As it turns out, Solana is one of the fastest blockchains in the space at present. With the capacity of processing over 50,000 tps, users can enjoy faster transaction settlements without having huge gas fees.
What is Bonfida?
Bonfida is a decentralized and non-custodial exchange on top of the Serum trading protocol on the Solana blockchain. It has a wide array of trading products powered by Solana’s on-chain order book. They facilitate faster transactions speed without the expensive gas fees experienced by users on other networks.
Bonfida DEX layout
Bonfida can be a useful trading platform for both beginner and advanced users. It integrates various handy features, such as trading charts and TradingView data in its interface. This helps users gather important analytics information on the exchange’s activity, including data on Serum DEX and Swap’s volumes, spread percentage, and total value locked.

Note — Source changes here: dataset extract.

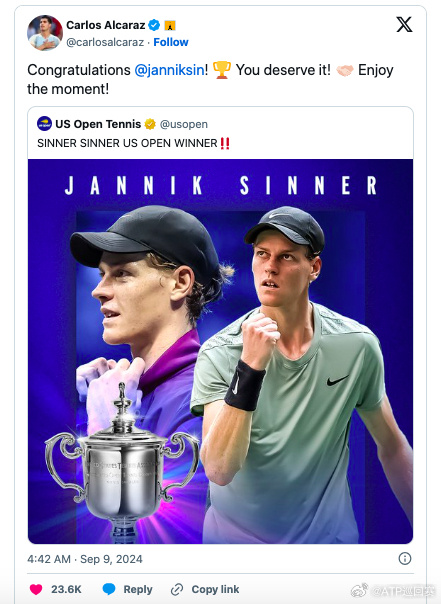 在美国网络决赛之后,阿尔卡拉斯也在第一时间向辛纳致以祝贺。一个新的网球宿敌抵抗故事,或许已经开始了。

$SRM dashboard on Bonfida Dex
Background
Bonfida is Project Serum’s flagship interface; currently, over 60% of the users that interact with Serum use Bonfida’s GUI. Serum was built to connect users within the Serum/Solana ecosystem and it is the first amongst exchanges to take advantage of Solana blockchain’s data to power its decentralized platform.
The Bonfida API has been used by a lot of market makers in the industry and the number of requests are increasing 25% week over week. During December 2020, before the launch, Bonfida has raised over $4.5 million. The seed round was led by CMS Holdings with the participation of big firms like Genesis Block Ventures, Sino Global, Spartan Group, and Three Arrows Capital.
Why build on Serum?
An order-book DEX has to be fast. To have a responsive platform, the underlying blockchain has to meet certain requirements. There are the reasons why the Bonfida team has chosen Solana and its DEX Serum as a foundation for their project.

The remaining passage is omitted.